[Saved entries]
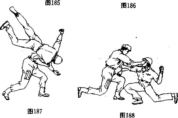 图184图184L动作妾领在格斗中,当 敌人由后突然将我连臂抱住时 (图184),我可在起脚猛踩敌背 的同时,猛抬双肘并前伸与肩平 (图185)#接着身体略向右转,并 以右肘猛击敌人肋部,以迫使敌 人松抱(图186),然后,上动不 停,再用右手拥住敌右肘上方部 位,左手则抓住其右手腕将敌人 从头背后摔下(图187),随后可 再予以擒拿或重击(图188),将 其制服或击毙■
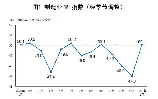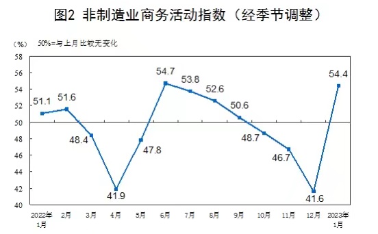 国家统计局31日公布数据显示,2023年1月份,制造业采购经理指数、非制造业商务活动指数和综合PMI产出指数分别为50.1%、54.4%和52.9%。
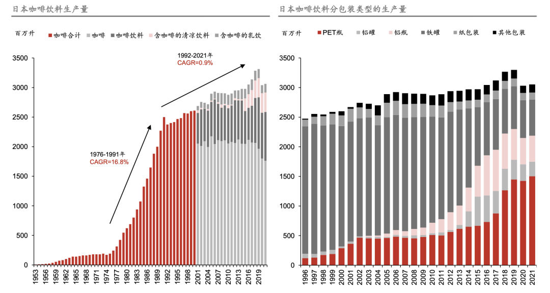 同时按照日本咖啡饮品的消费走向来看,除了瓶装咖啡占比不断提升外,消费者对咖啡口味的需求将会变得更加多元化,例如会出现各类咖啡饮料、咖啡乳饮,而这些多元化的口味正是瓶装咖啡形态所能够承载的。
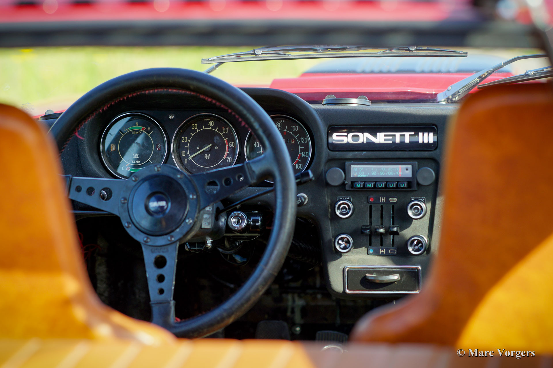 Saab Sonett III, Jahr 1971. Farbe dunkelrot kombiniert mit einer braunen Kunstlederausstattung, braunem Teppich und grauen Schutzmatten. Dieser seltene Saab Sonett III wurde kürzlich restauriert / verbessert. Auch der V4-Motor und das Getriebe wurden überholt. Fotos, die die Arbeiten zeigen, sind vorhanden. Dieser unglaublich besondere Saab Sonett III ist in einem sehr guten Zustand und das Auto bietet ein einzigartiges Fahrerlebnis. Der Saab Sonett wurde für den US-Markt entwickelt und von 1970 bis 1974 wurden 8368 Autos dieses Typs gebaut. Das Sonett ist ein Leichtbau-Sportwagen mit GFK-Karosserie (830 kg Leergewicht) auf Basis der Saab 96 V4 Bodenplatte. Das Auto mit Frontantrieb wird vom gleichen Ford V4-Motor wie der Saab 96 angetrieben und verfügt über ein Vierganggetriebe. Der Innenraum ist kompakt und zweckmäßig und ausgestattet mit einem Saab-Sportlenkrad und einem Sonett-Markenradio mit FM. Fahrer mit einer Körpergröße von 1.80-85 finden gerade noch einen Platz hinter dem Lenkrad. Dieser Saab Sonett III zeigt alle originalen Details einschließlich originaler Alufelgen. Dies ist ein Oldtimer, den Sie im Wirklichkeit sehen und erleben müssen. Sie sind herzlich eingeladen, diesen Saab Sonett in unserem Showroom zu besichtigen!
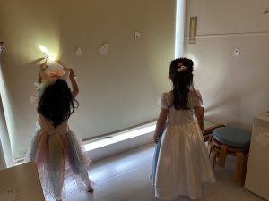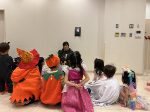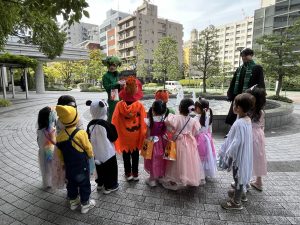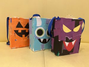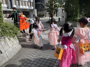 かわいらしい衣装に身を包み、 手作りのハロウィンバッグを持って出発!
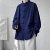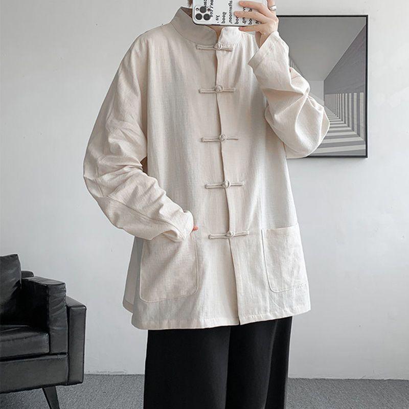 Experience comfort and style with this men's shirt, crafted from a breathable cotton blend. Featuring a mandarin collar and traditional frog buttons, it offers a unique twist on classic design. The shirt has a solid pattern and long sleeves, making it a versatile addition to any wardrobe.
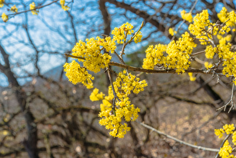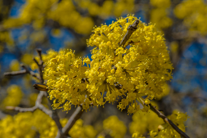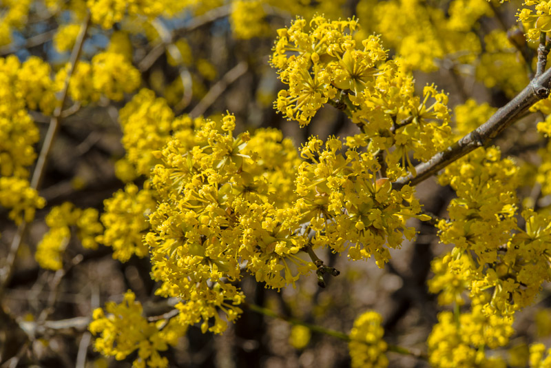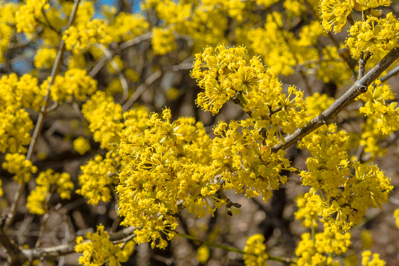 Dirndlsträucher (Cornus mas) in voller Blüte.

Goal of the exercise: Reproduce exactly, and only, the part of the entries above that runs from the line with "Experience comfort and" to the last line, both included. Pictures stay out.

Solution for this task:
 Experience comfort and style with this men's shirt, crafted from a breathable cotton blend. Featuring a mandarin collar and traditional frog buttons, it offers a unique twist on classic design. The shirt has a solid pattern and long sleeves, making it a versatile addition to any wardrobe.
 Dirndlsträucher (Cornus mas) in voller Blüte.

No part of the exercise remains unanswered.